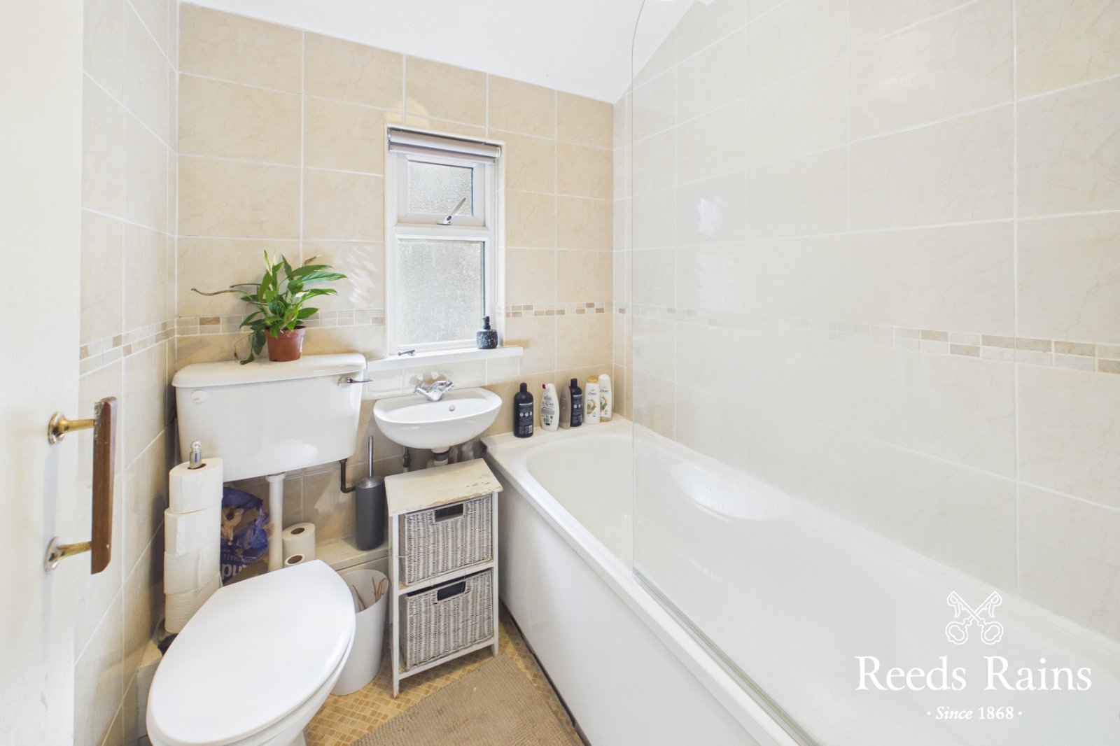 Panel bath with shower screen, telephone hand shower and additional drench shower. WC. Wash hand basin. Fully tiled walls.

* * *

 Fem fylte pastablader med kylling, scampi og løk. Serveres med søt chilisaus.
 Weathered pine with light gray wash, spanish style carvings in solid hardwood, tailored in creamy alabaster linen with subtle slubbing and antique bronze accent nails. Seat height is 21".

- EXERCISE
For this task, write out exactly the lines of the entries above, starting at the line with "Fem fylte pastablader" and ending at the line with "Weathered pine with", both included, and no others.

- ANSWER SPACE
 Fem fylte pastablader med kylling, scampi og løk. Serveres med søt chilisaus.
 Weathered pine with light gray wash, spanish style carvings in solid hardwood, tailored in creamy alabaster linen with subtle slubbing and antique bronze accent nails. Seat height is 21".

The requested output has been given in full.